How could I manage the duplicates problems? Using Collections in Dictionary could help me? I would compare Table A to Table B and then Table B to Table A. Or the presence of duplicates (actually independent trades) makes it impossible to perform ?

My file has more than 500 rows.

Upvotes: 0

Views: 1471

Answers (2)

basodre
basodre

Reputation: 5770

I'll add an entirely in-memory way to achieve the output.

The one thing worth considering is that we have no way of differentiating one ID from the next if they have matching stock, price, qty, and dates. So, the way I'm handling duplicates is in the order that they appear in the spreadsheet.

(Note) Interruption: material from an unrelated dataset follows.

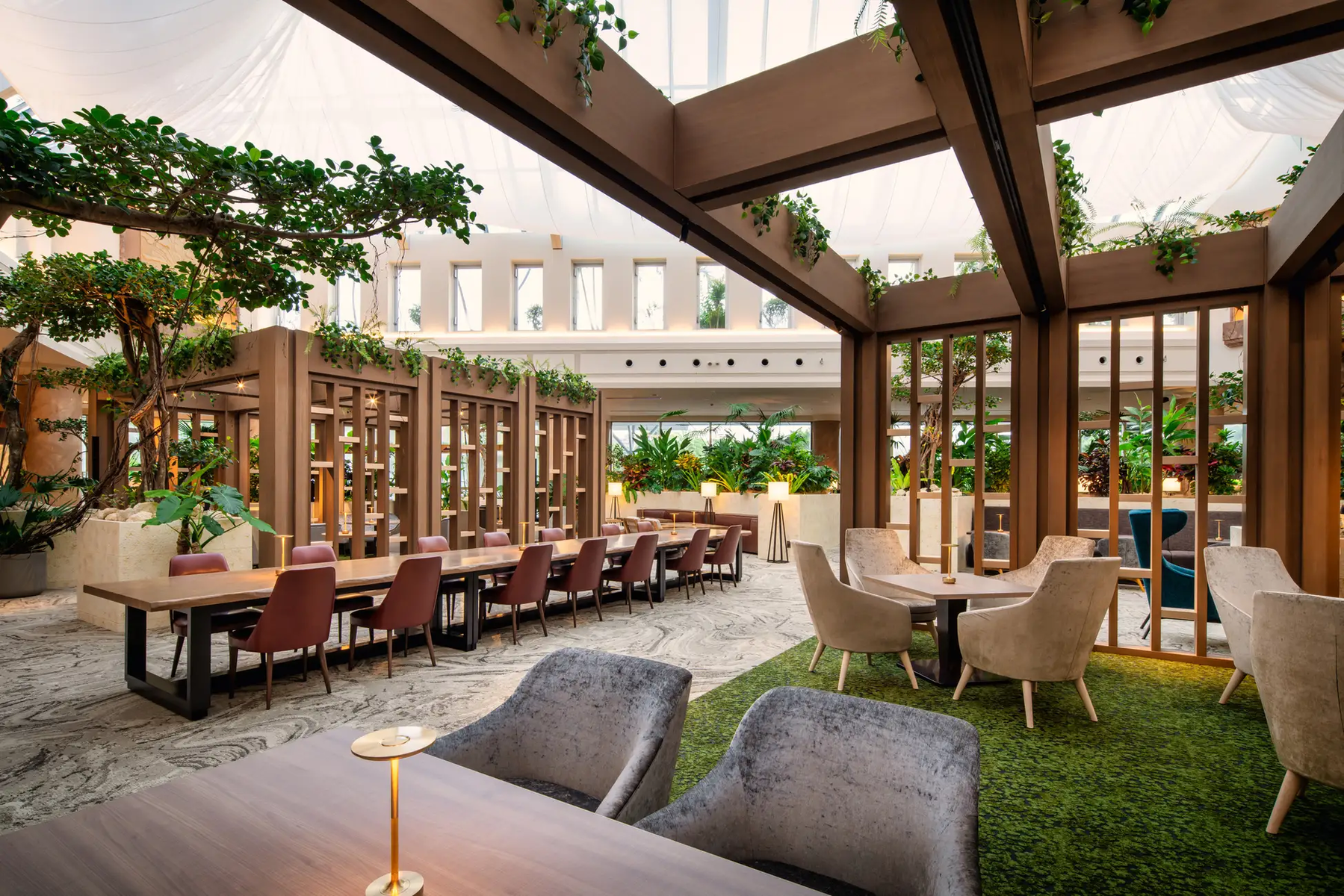ロビーには島の草花があふれ、森の音を模したサウンドが流れる幻想的な空間。まるでやんばるの夜に包まれるような、非日常のリラックスタイムを提供してくれます。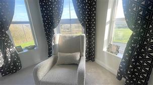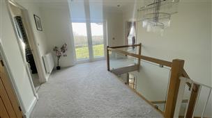 Large landing area with glass balustrade continuing from staircase. Balcony opening out to front, displaying the breathtaking countryside views. Loft Access and Doors to

So if there are two matching entries in your table, and only 1 in the broker table, I assume that the first entry in your table matches the first entry in the broker table, and therefore your second entry will be output.

Try working through the code. I took a few shortcuts for the sake of timing, but I also encapsulated each of the functions so that you can modify as needed. You'll just have to build out the DeserializeKey function to convert a key back to cells in the output sheet (shouldn't be too hard). See the below code, and let me know if it meets expectations.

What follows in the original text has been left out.